Based on a mixture of the Mannheim Tiger's vision filter from their auto-ref and something known as the Multi-Hypothesis Extended Kalman Filter (MHEKF) found in a paper from the RoboCup SPL league team DAInamite. The overall goal of this module is to convert the raw vision packet data from SSL-Vision and creates a good estimate of the true robot and ball positions.

The overall setup is shown in the image below. Vision data is fed into the world object. This world object splits up the vision data by camera ID and feeds it into each corresponding camera object. The camera objects then apply the vision data as measurements to individual kalman filters corresponding to balls and robots. The world object then combines the best kalman filter from each camera for each individual robot and ball.

SSL-Vision Format

Each individual camera sends a frame packet. Each frame packet contains one or more balls and one or more robots depending on what is in the camera view. Consequently, the frames are not sent at a consistent rate and you may get more than one camera frame at a time depending on how things work out. A ball may show up on multiple cameras so you may get a measurement in multiple camera frames. Sometimes extra balls and robots will show up for a frame or two due to noise.

Kalman Filter

A kalman filter is a statistical approach to estimating positions/velocities (etc) of different objects. In this specific case, the model assumes constant velocity that integrates down to position. This is for each independent axis (X, Y and in the robot's case, heading). The filter keeps track of the X pos/vel, Y pos/vel (and heading pos/vel) as well as how confident it is in each estimate.

Every iteration the filter either predicts or predicts and updates. When it predicts, it predicts current positions and velocities given what the position and velocities were last frame. When it predicts and updates, it again predicts it's current positions and velocities, but then compares that to the measurements it receives and updates it's position and velocity. If we are really confident in our current estimates, it doesn't really take into account the measurement. On the flip side, if we aren't confident, we almost completely use the measurement as the truth. Additionally, the confidence of our estimate steadily decreases each time we predict without an update.

Camera

The camera object receives all the measurements for a specific camera ID. The camera then chooses how to apply these measurements to the kalman filters objects it contains. There are two different algorithms to match the measurements to kalman filters, the first is the average kalman filter and the other is the multi-hypothesis kalman filter.

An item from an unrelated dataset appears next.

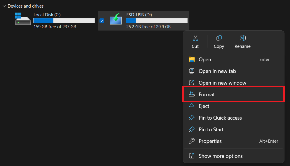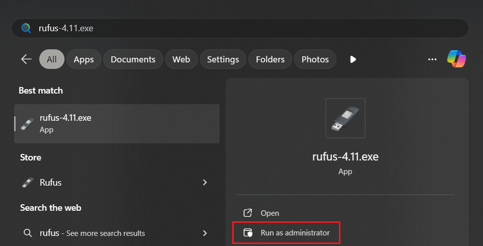 Important: Rufus may choose FAT32 or NTFS automatically depending on the ISO and your settings. The goal here is simply to start from a clean state, Windows formatting here is not meant to “pick the final” file system for the boot USB.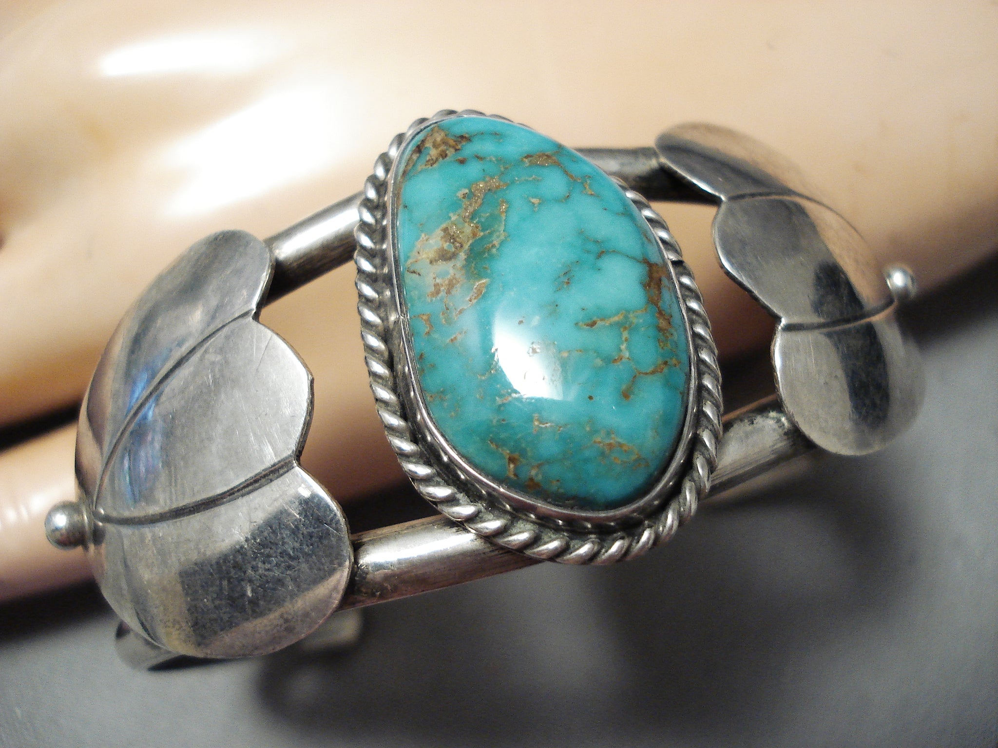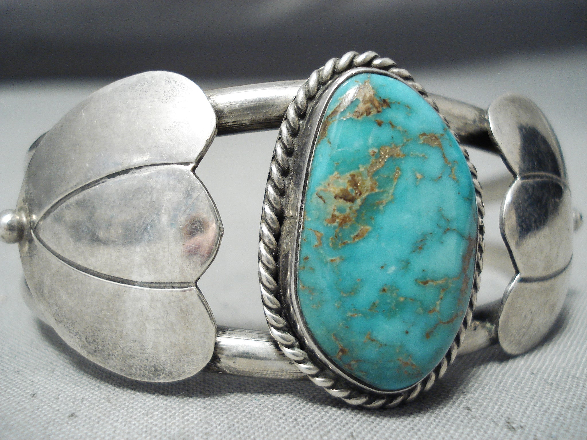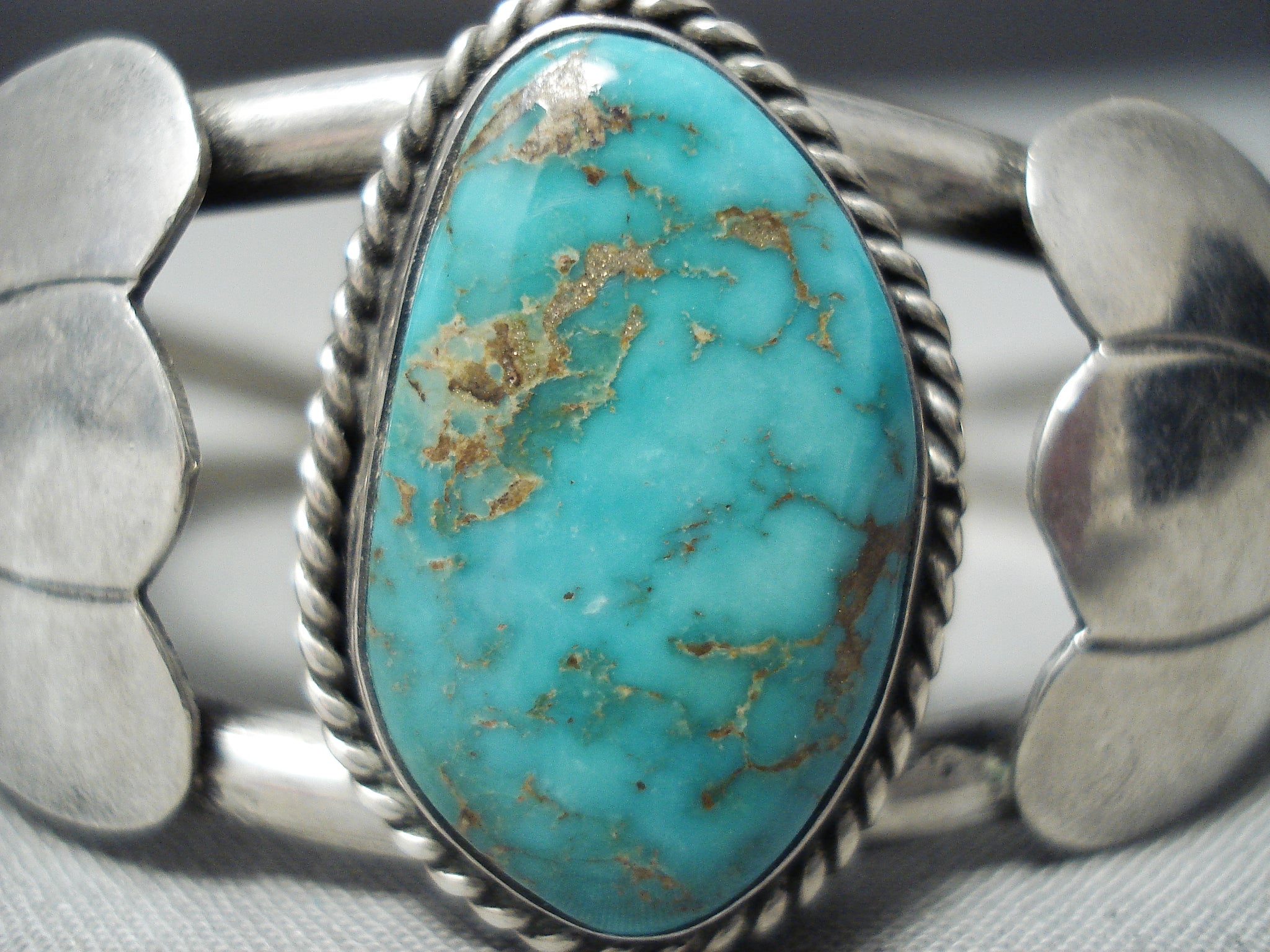 Awesome Vintage Native American Navajo Carico Lake Turquoise Sterling Silver Bracelet

The average kalman filter averages all the measurements corresponding to that specific object and then applies it to the single kalman filter for that object. For example, the ball object will average the positions of all the measurements from the camera frame and use that as the measurement for the single ball kalman filter.

The multi-hypothesis kalman filter takes all measurements that are within a specific distance of the object and averages those together. This average is then used as the measurement for that specific kalman filter. Any that are not "claimed" by a kalman filter are used as the initial position for new kalman filters. There can therefor be multiple kalman filters for a specific object like a ball.

Additionally, we use a simple geometric model to predict how the ball velocity will change when it bounces off of robots to improve the estimation.

World

The world object takes the list of packets from SSL-Vision and splits it into data for each camera. It then sends the data down to the cameras for processing. Once that processing is done, the world object then takes the best kalman filter for each object from each frame. The set of kalman filters corresponding to a single object from all the cameras are merged together based on their confidence. This set of merged objects are referred to with the World* qualifier and are our best estimates of the pos/vel of the objects.

VisionFilter

The vision filter module converts the protobuf format from SSL-Vision to a custom format with the Camera* qualifier. This removes all the extra data that isn't needed and makes it easier to edit code. Additionally, there are operations to push the data from the filter into the system state object.

The vision filter module is threaded to run at a very specific timing matching the kalman filter predict/update rate.